Schauplatzwechsel. Die Soldaten des KPE-Zuges sind im „Schießkino“ angetreten, um ihre Schießfertigkeit zu verfeinern. Auf eine große Leinwand werden dort Übungsszenarien projiziert. Heute geht es darum, mit einer Pistole bewaffnete Dummies von Zivilisten zu unterscheiden und zu bekämpfen. Die Schützen müssen binnen kurzer Zeit wechselnde Situationen erfassen und handeln. Die Anspannung steht den Schützen ins Gesicht geschrieben, geht es doch darum, vor den Kameraden Eindruck als guter Schütze zu machen. Jeder Schuss sendet einen Lichtimpuls, der eine detaillierte Auswertung der Ergebnisse möglich macht. „Echtes Scharfschießen ist aber trotzdem viel spannender“, berichtet ein Charge am Rande
Nach dem Mittagessen geht es für die Grundwehrdiener der 2. Kompanie in die Unterkunft. „Handhabung Ausrüstung“ steht am Dienstplan, soll heißen: Spindordnung herstellen und unterschiedliche Kampfanzüge anlegen. „Kampfanzug 03/1 herstellen. Zeit: Fünf Minuten“, befiehlt der Ausbildner. Nach dem Abtreten herrscht hektisches Treiben in den Zimmern. Schuhe werden in Windeseile gebunden, Schnallen klicken. Noch schnell die Feldflasche füllen und an den Hüftgurt stecken. Fertig!
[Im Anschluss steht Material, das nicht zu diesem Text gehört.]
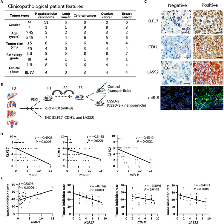 从61名患者中获得43种不同原发肿瘤并建立肿瘤异种移植(PDX)模型。结果揭示CSSD-9具有潜在的临床治疗价值,可将其视为使用CSSD治疗前临床易感性评估。采用IHC和FISH检测43例肿瘤中的KLF17、CDH1、LASS2和miR-9表达,发现其与肿瘤组织中的miR-9呈负相关;对患者肿瘤中CSSD-9肿瘤抑制率与miR-9、KLF17、CDH1和LASS2的表达之间的关系进行分析,发现肿瘤抑制率与miR-9表达正相关,但与KLF17、CDH1和LASS2表达呈负相关(图6)。

Rekrut Dominik Kreuz aus Trofaiach ist mit seinen Zimmerkameraden schweißüberströmt am Gang angetreten und berichtet von den Strapazen des Drills: „Man muss auswendig wissen, was und in welcher Reihenfolge in welche Tasche gehört. Trotz Zeitdruck muss man versuchen, ruhig zu bleiben.“
Wesentlich ruhiger geht es in der Fahrzeugwerkstätte des Bataillons zu. Allerdings sitzt auch dort jeder Handgriff, wenn es darum geht, Lkw, Pinzgauer oder Puch G zu reparieren und das „Pickerl“ zu machen. Werkstättenleiter Vizeleutnant Ernst Pranger hat gerade den Motor eines Pinzgauers in all seine Einzelteile zerlegt, um ihn zu reinigen. „Das schaffen wir innerhalb eines Tages, denn der luftgekühlte Motor mit einzeln liegenden Zylindern ist äußerst praktisch in der Wartung.“ Soll keiner sagen, dass alte Ausrüstung nicht auch Vorteile habe, und womöglich – wer weiß – hat das gut 40 Jahre alte Triebwerk sogar schon die Väter der Grundwehrdiener, die gerade ihre Kampfanzüge anlegen, über Stock und Stein transportiert. Und war ihnen schon ein verlässlicher Partner.